Study Summary

A synopsis of covariates, sample dissemination over study grouping/batches and sample clustering.

Covariates

A summary of the data-sets covariate information.

 group  batch     replicate      sID           
 A:20   B1:20   R1     : 2   Length:40         
 B:20   B2:20   R10    : 2   Class :character  
                R11    : 2   Mode  :character  
                R12    : 2                     
                R13    : 2                     
                R14    : 2                     
                (Other):28                     

Sample Distribution

How are the samples disseminated over batches and the effect of interest.

Sample Separation

The Principal Component Analysis shows sample-relatedness (clustering) on a 2D plane and can help identify the presence of confounding factors.

Visualization

Show how feature abundances are distributed over study grouping and batches.

Relative Log Expression (RLE)

Separate samples by covariate of interest (CoI), e.g., treatment or study group, calculate the median value for every feature count and subtract it from all samples respectively.

Heatmap

Show the top ten most dispersed features by interquartile range.

BOX-plot

Show the top four most dispersed features by interquartile range and show within batches.

Variance Assessment

Several different approaches are used to estimate the amount of variability attributable to covariates of interest.

Linear Model (LM)

This method fits the linear model ‘y ~ group + batch’ to every feature respectively and estimates the proportion of variance that the modeled covariates of interest (coi) account for. The results are visualized in a box-plot that shows the coi and the residual values.

Linear (Mixed) Model (LMM)

This method fits the linear mixed model ‘y ~ group + (1|batch)’ to every feature respectively and estimates the proportion of variance that the modeled covariates of interest (coi) account for. The results are visualized in a box-plot that shows the coi and the residual values.

Redundancy Analysis (pRDA)

A linear regression model is fitted to the feature-matrix (i.e. counts) while conditioning on one COI at a time to extract the proportion of explained variance for the variables. Then this procedure is repeated with switched covariates.

Basically, it takes ‘counts ~ group + Condition(batch)’ and subtract counts ~ group and see how much variance batch accounts for - then repeat with group as Condition

PrincipalVariance Component Analysis (PVCA)

Select the number of principal components that are required to account for more than 65% of variance and iterate over all PCs and fit a linear mixed model that contains all covariates as random effect and all unique interactions between two covariates. Compute variance covariance components form the resulting model and extract the variance that each covariate contributes to this particular PC. Standardize variance by dividing it through the sum of variance for that model. Scale each PCs results by the proportion this PC accounted for in the first place. And then do it again by dividing it through the total amount of explained variance, i.e. the cutoff to select the number of PCs to take, or rather the actual values for the selected PCs. Finally take the average over each random variable and interaction term and display in a bar-plot.

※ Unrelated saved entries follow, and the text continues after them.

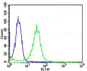 Figure 1: Flow cytometric analysis of Hela cells using MAFK Antibody (green) (10-6616) compared to an isotype control of mouse IgG1 (blue). MAFK Antibody was diluted at 1:25 dilution. An Alexa Fluor® 488 goat anti-mouse lgG at 1:400 dilution was used as the secondary antibody.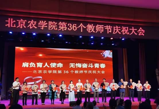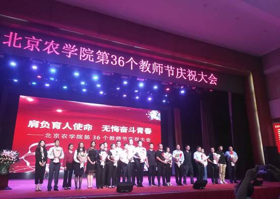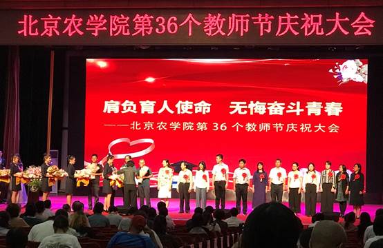 部分教师集体和个人受到表彰。会上,满30年教龄教师王万山和黄凯、荣休教师巢时平、北京市“三八红旗集体”获得者林学系、北京市高等学校教学名师获得者王文和以及北京市委组织部青年骨干个人项目获得者葛伟上台领奖。新入职教师张炎、王聪、史雅然分别为其“成长导师”张克中、王文和、李国政献花。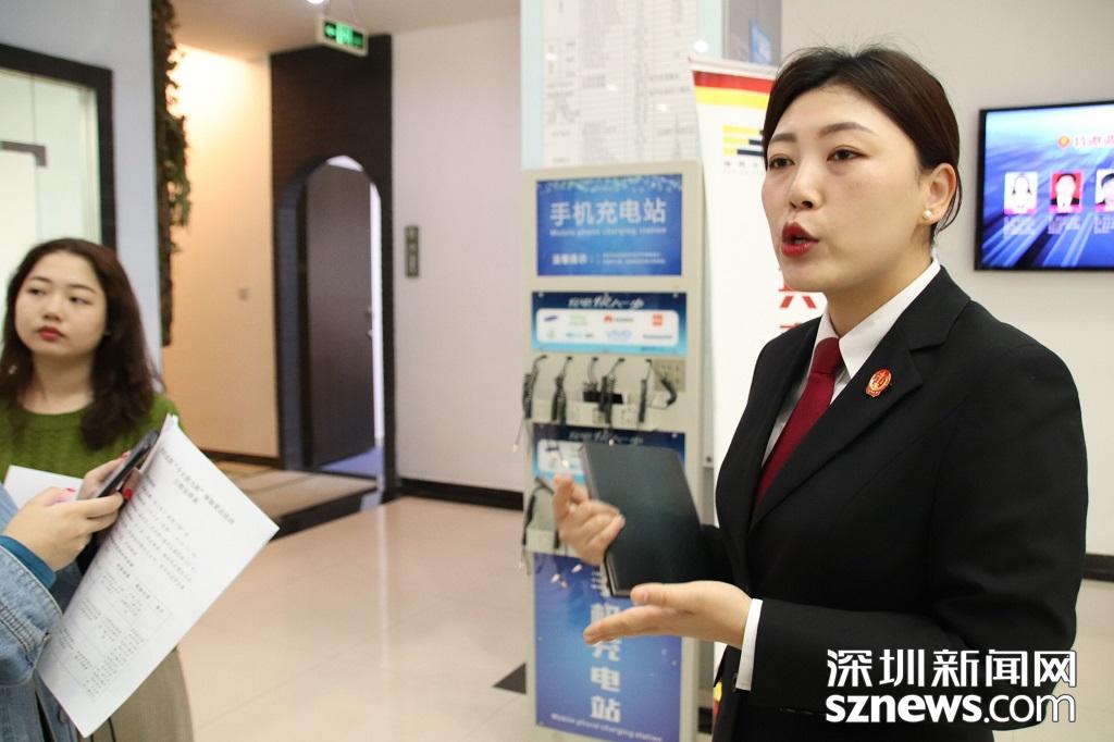 法官謝婷展示福田法院的流碼案件流轉(zhuǎn)系統(tǒng),該系統(tǒng)可節(jié)省80%的簽卷時(shí)間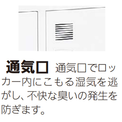 | 上の通気口でロッカー内にこもる湿気を逃がし、不快な臭いの発生を防ぎます。 | |||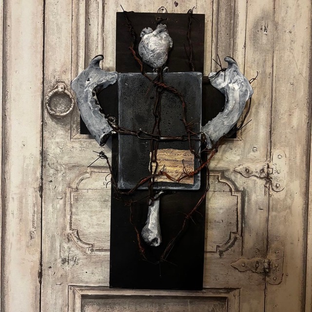 こちらはVIRTU MORE (ヴィルツ モア)1点限定オブジェクトになります。 ◈商品詳細◈ 「死」と「信仰」の境界線をテーマに制作した、唯一無二のダーク・レリック(聖遺物)オブジェです。 大型のボーンを十字(クロス)に組み上げ、鋭利な有刺鉄線で幾重にも縛り上げたその姿は、ある種の**「受難」**を想起させます。漆黒のウッドベースが、白濁した骨の質感を鮮烈に浮かび上がらせる、重厚な一点物のアートピースです。 • サイズ: 縦 約37cm × 横 約21cm • 仕様: 壁掛け用金具装着済み。 • 加工: 経年劣化を再現した多層レイヤード塗装、エイジング・ウェザリング加工。 ◈注意事項◈ 〇デザイン的に鋭利な部分が多々有りますので梱包開封時や取扱いにお怪我等なさらないようご注意下さい。 〇意図的にエイジング処理を施し荒く制作されています。 ○高温多湿、直射日光を避けディスプレイしてください。 〇梱包は基本的にリサイクル資材を使いますが丁寧に配送時に破損しないように心掛けて梱包致します。 ○作品はとてもデリケートです。特にパーツ数が多いものや接点の狭い物は配送時、梱包開封時に稀に外れる場合があります。 ご自身で修復して頂ける方のみ購入を宜しくお願い致します。 なお致命的な破損時は事務局にお問い合わせ下さい。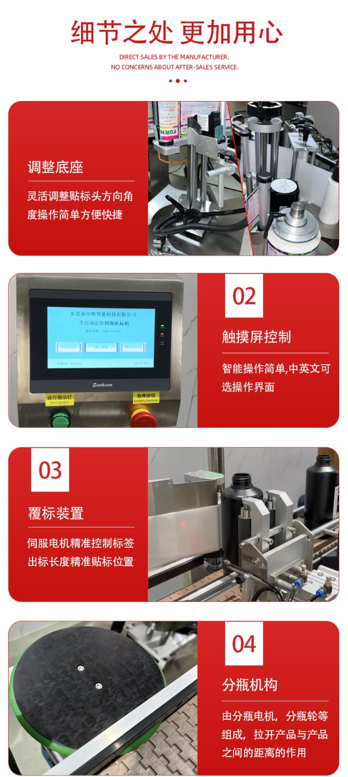 • 貼標(biāo):當(dāng)圓瓶到達(dá)貼標(biāo)位置時(shí),貼標(biāo)機(jī)構(gòu)的標(biāo)簽牽引裝置根據(jù)預(yù)設(shè)的標(biāo)簽長(zhǎng)度,將標(biāo)簽從標(biāo)簽卷上牽引出來(lái),貼標(biāo)頭在控制系統(tǒng)的指令下,將標(biāo)簽準(zhǔn)確地貼附在圓瓶表面。同時(shí),壓標(biāo)裝置對(duì)標(biāo)簽進(jìn)行壓實(shí),使其牢固地粘貼在瓶身上。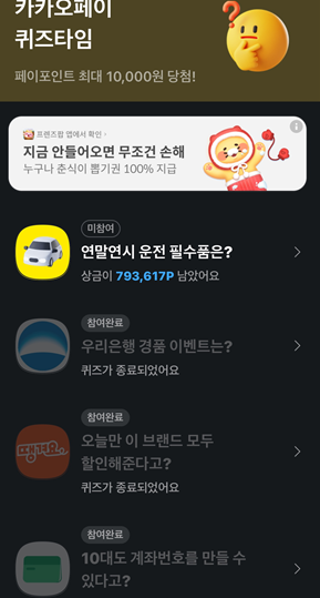 - 카카오톡 앱에서 '카카오페이' 서비스를 선택하거나, 퀴즈 관련 알림 메시지를 통해 접근할 수 있습니다.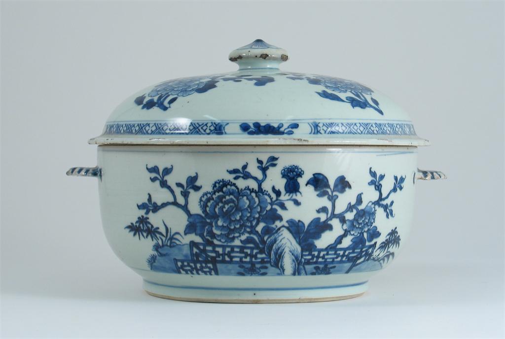 A Chinese blue and white circular tureen and cover, painted with peony, fence and rockwork. Faint cracks to the cover. 18th century, 27.5cm. (2)

## Warning: Removed 1 rows containing missing values (`geom_text()`).

Silhouette Coefficient

Calculate principal components and get sample-wise distances on the resulting sxPC matrix. Then iterate over all the covariates and calculate the cluster silhouette. This is essentially either zero, if the cluster contains only a single element, or it is the distance to the closest different cluster minus the distance of the sample within its own cluster divided (scaled) by the maximum distance. Average over each element in a cluster for all clusters respectively and obtain a representation of how good the clustering is.